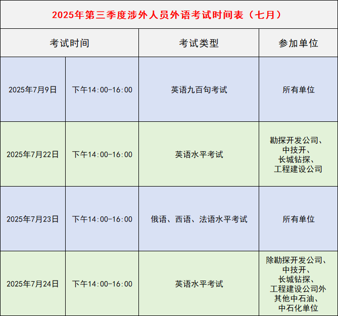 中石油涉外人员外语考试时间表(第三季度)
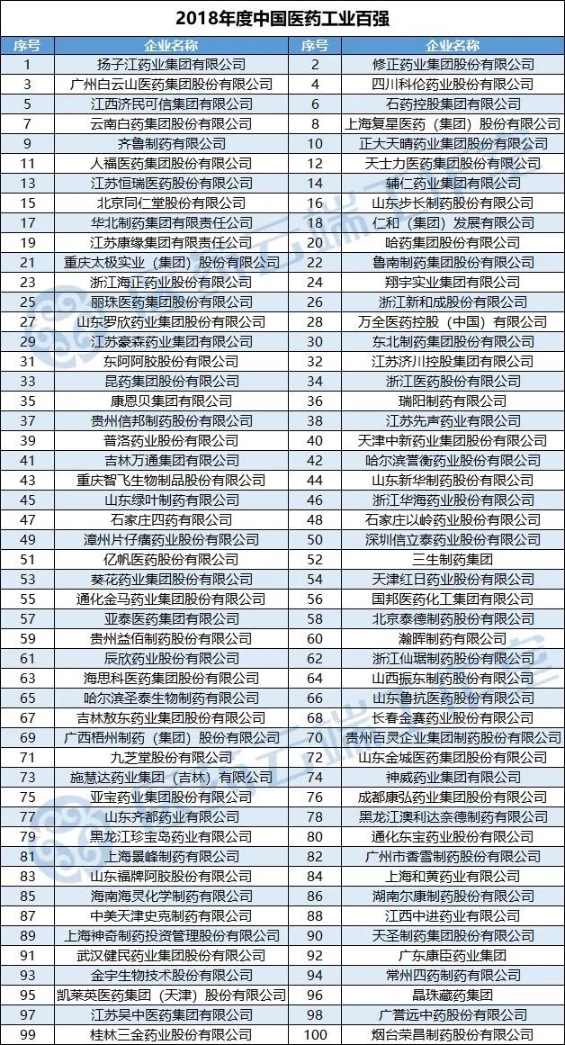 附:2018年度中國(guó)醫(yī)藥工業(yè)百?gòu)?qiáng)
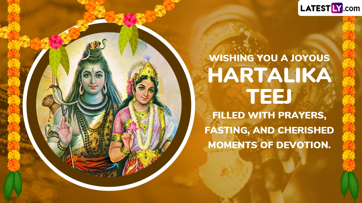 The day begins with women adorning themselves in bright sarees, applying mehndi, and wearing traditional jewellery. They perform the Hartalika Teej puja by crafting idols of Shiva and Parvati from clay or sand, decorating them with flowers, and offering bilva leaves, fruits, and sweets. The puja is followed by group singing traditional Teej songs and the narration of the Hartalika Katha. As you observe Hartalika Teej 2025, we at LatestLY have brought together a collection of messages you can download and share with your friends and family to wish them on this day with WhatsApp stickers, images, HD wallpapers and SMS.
------------------------
TRY IT — Give again, word for word, only the lines that run from the top of the data above through the line with "附:2018年度中國(guó". Drop the pictures.

RESPONSE TO THE TASK —
 中石油涉外人员外语考试时间表(第三季度)
 附:2018年度中國(guó)醫(yī)藥工業(yè)百?gòu)?qiáng)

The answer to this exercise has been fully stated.